WHAT YOU WILL DO:
The answer should be the exact lines from the line containing "Blouse Medium Spring" through the last line of the material below, with no pictures.

### PROVIDED DATA ###

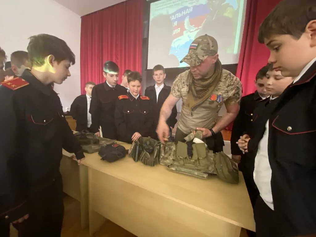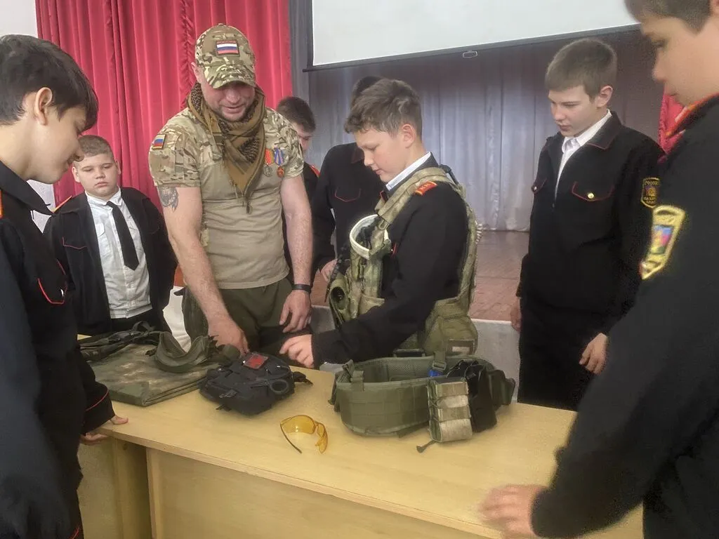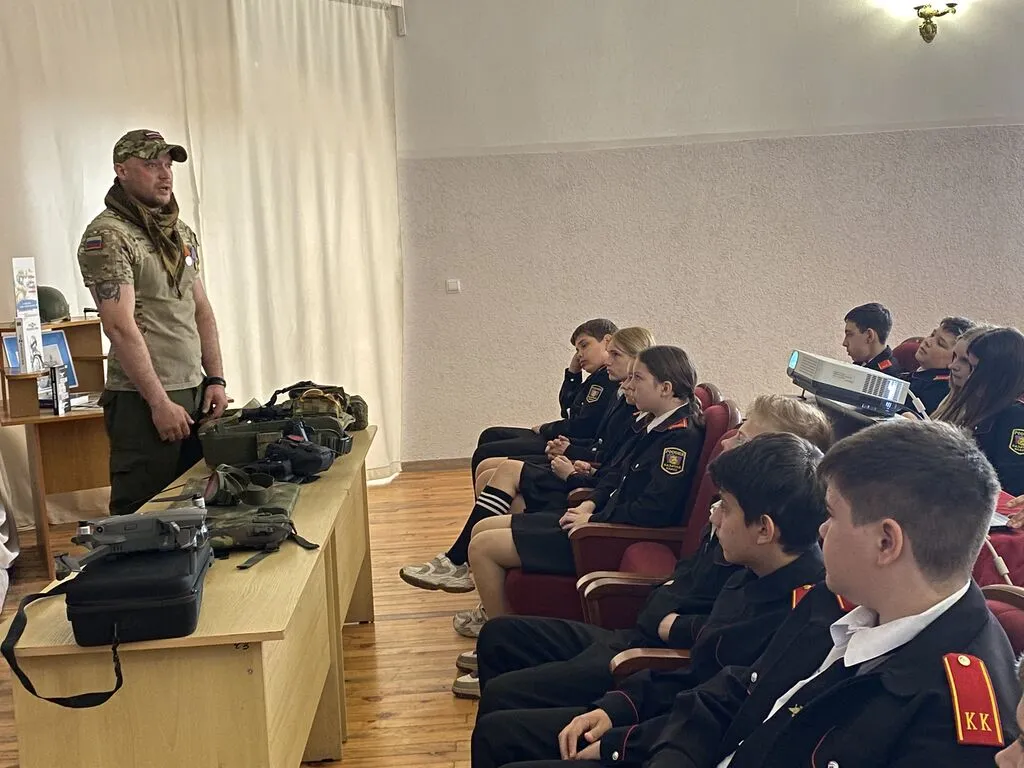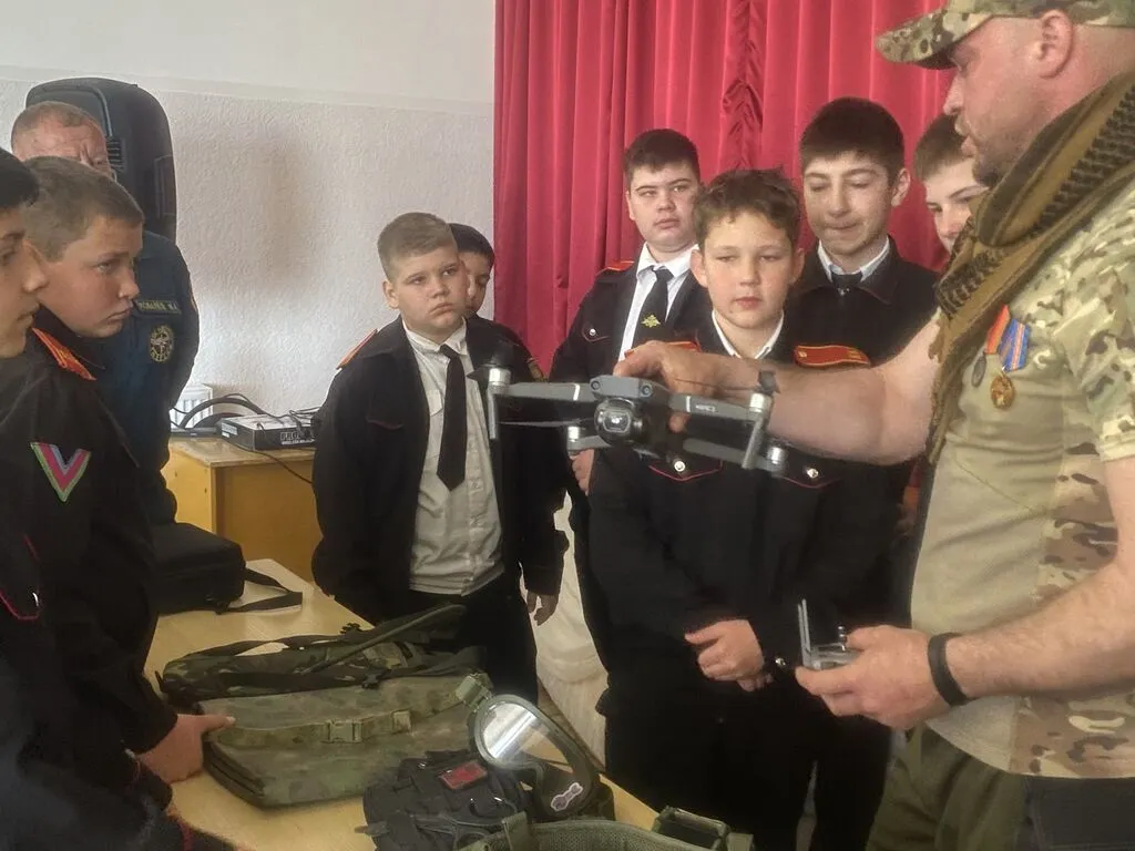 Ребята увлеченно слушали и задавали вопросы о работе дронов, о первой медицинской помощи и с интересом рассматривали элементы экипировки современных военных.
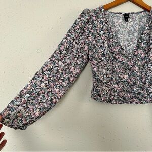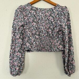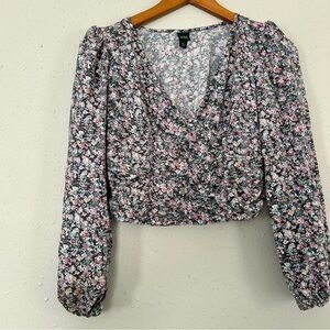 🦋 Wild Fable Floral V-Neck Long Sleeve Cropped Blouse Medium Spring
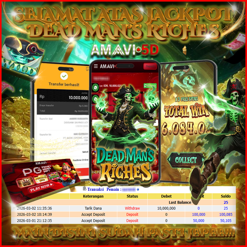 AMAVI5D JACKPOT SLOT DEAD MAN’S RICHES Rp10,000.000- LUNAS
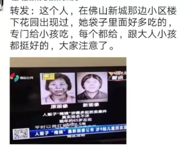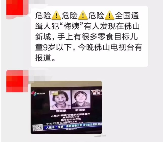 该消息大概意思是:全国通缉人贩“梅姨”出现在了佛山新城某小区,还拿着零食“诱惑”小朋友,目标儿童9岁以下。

###

RESPONSE TO THE EXERCISE:
 🦋 Wild Fable Floral V-Neck Long Sleeve Cropped Blouse Medium Spring
 AMAVI5D JACKPOT SLOT DEAD MAN’S RICHES Rp10,000.000- LUNAS
 该消息大概意思是:全国通缉人贩“梅姨”出现在了佛山新城某小区,还拿着零食“诱惑”小朋友,目标儿童9岁以下。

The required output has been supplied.